# Got around to snapping some pics of the new ZHP (BANDWIDTH WARNING)



## ff (Dec 19, 2001)

2003 ZHP, Silver Grey

Bonus points to the person who can guess where these were taken (hint: southern suburb of Mpls)


----------



## ff (Dec 19, 2001)




----------



## ff (Dec 19, 2001)




----------



## ff (Dec 19, 2001)




----------



## Mystikal (Dec 20, 2001)

Looks so filled-in, so aggressive, so..._*right*_. :thumbup:


----------



## ff (Dec 19, 2001)

Mystikal said:


> *Looks so filled-in, so aggressive, so...right. :thumbup: *


I concur. I like the aggressive ground effects that are very tastefully done.


----------



## Mystikal (Dec 20, 2001)

ff said:


> *I concur. I like the aggressive ground effects that are very tastefully done. *


How do you like the wheel design? Is the ride quality much changed?


----------



## ff (Dec 19, 2001)

Mystikal said:


> *How do you like the wheel design? Is the ride quality much changed? *


I still like the M68's better... especially when it comes to cleaning. I cleaned these today for the first time. Yowza, they are a real biaaatch.

It's wierd, the ride actually seems less harsh than the normal SP ride (which really isn't that harsh at all), but at the same time, the car corners flatter, and steering is much more precise.


----------



## Alex Baumann (Dec 19, 2001)

Whoa, SG is looking stunning under the sun :thumbup:


----------



## LarryN (Dec 24, 2001)

Absolutely love the color and the car.
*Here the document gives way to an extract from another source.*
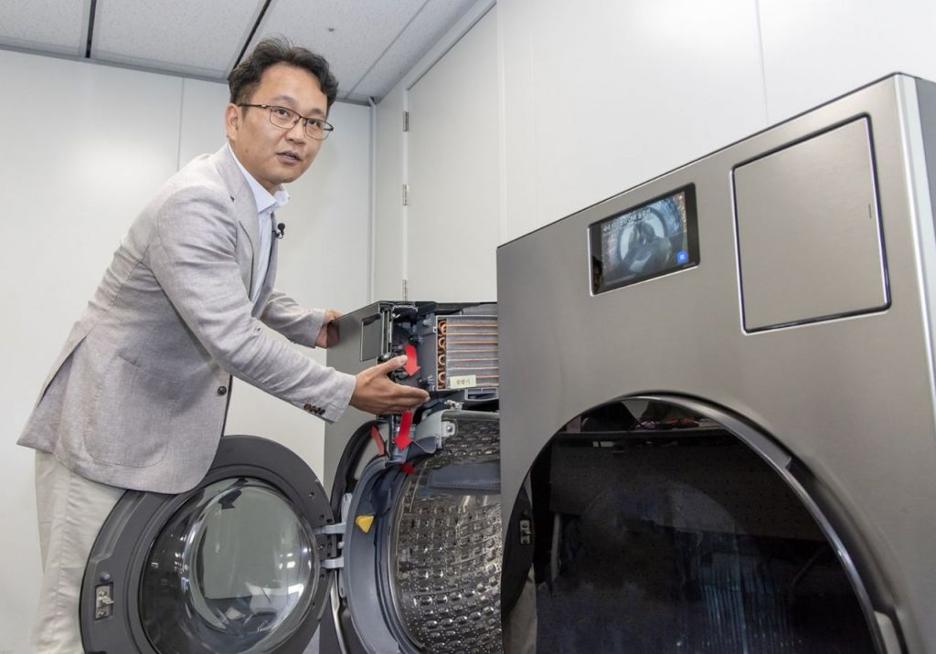 이날 브리핑에서는 올해 출시한 제품에 대한 기술 설명이 이뤄졌다. 성 상무는 "건조 성능을 높이기 위해 열교환기 크기는 유지하면서 열교환기의 핀을 기존 대비 더 많이 촘촘하게 배치해 전열면적을 8.5% 확대했다"며 "전열면적이 넓어지면 세탁물을 통과한 고온다습한 공기의 수분을 더 빠르게 제거할 수 있다"고 설명했다.

Congrats ff!


----------



## ff (Dec 19, 2001)

LarryN said:


> *Absolutely love the color and the car. Congrats ff! *


Thanks!

Just wanted to add a comment, that the new 6 speed manual is easily the nicest feeling stickshift I've driven. Each gearshift lands with a firm, solid, perfectly weighted *thunk*. If you guys have ever driven the steptronic trans, and moved the lever from auto to manual mode, it has a really nice feeling thunk. Like 2 surfaces moving past each other that are perfectly machined and lubricated. The 6 speed is the same way. I don't remember the 5 speed ever being this satisfying to row through the gears.


----------



## langbr01 (Mar 31, 2003)

Your killing me with the pictures. I pick my 330i up friday, same color. I got the 6-speed too, and im really excited. Car looks great by the way. Im really happy I got the silver gray. When my dealer called he said that the tech prepping the car said it was by far his favorite BMW color. Cant wait!


----------



## enyce (Jan 21, 2003)

Silver gray is :bigpimp: .


----------



## msp_guy (Feb 10, 2003)

ahhh... Spring time in Minneapolis..

What lake is that?


----------



## ff (Dec 19, 2001)

msp_guy said:


> *ahhh... Spring time in Minneapolis..
> 
> What lake is that? *


Crystal Lake in Apple Valley. Right next to Lac Lavon off of 160th.


----------



## rumratt (Feb 22, 2003)

ff said:


> *Just wanted to add a comment, that the new 6 speed manual is easily the nicest feeling stickshift I've driven. Each gearshift lands with a firm, solid, perfectly weighted *thunk*. *


Cool. Was there ever a consensus regarding the exact differences between the zhp and non-zhp transmissions? We know they're basically the same, but it wasn't clear whether the throws were the same length, shifter same height, etc.

I'm guessing the feel in terms of gear engagement would be the same for sure. :thumbup:

Oh, BTW. Really sharp looking car. the color goes well with the car's shape and those wheels.


----------



## Cal (Jan 4, 2002)

Nice car and color combo!!

I wish I could upgrade to the 330i ZHP. Because of the price difference, I'm going to settle for a 98 M3/4 instead. 

Congrats again. :thumbup:


----------



## Sean (Dec 22, 2001)

Very Nice! :thumbup: :thumbup: Silver Gray reminds me of Granite Silver. It was offered on the E36 from 93-95.


----------



## dusterbuster (Jan 29, 2003)

thanks for the wonderful pics! :thumbup: i can guarantee you that between now and mid June when i pick up my car (also ZHP silver gray), i'll probably have looked at your pictures at least twice a day. in fact, i think i'll go back and take a look at thema gain.


----------



## Bimmer330 (Aug 31, 2002)

Great color! Good luck and enjoy.


----------



## mbr129 (Aug 23, 2002)

*Re: mbr 129*



piku said:


> *I guess, you are doing it the right way. Get the car now before you are locked in and all of your big decisions have to run by your wife  *


Well, I did consult her about it and made sure we got a car she likes too. But no doubt in the future she will have much more leverage.


----------



## Shades (Sep 24, 2002)

mbr129 said:


> *ff, why do you keep doing this? This is torture, I am serious.
> 
> I think from now on I am going to avoid any ZHP threads so I don't go insane with the wait.:tsk:
> 
> ...


 If your looking for a sporty color Imola Red is awesome.The color of my 98 M roadster was Imola.Its nice to see you can get it in a non M car now,its definitely the best of the BMW reds.I think you will be very happy with it.Looking forward to seeing the pics.


----------



## sp330i (Dec 26, 2001)

Congrats! - I'm jealous - soon contemplating a switch


----------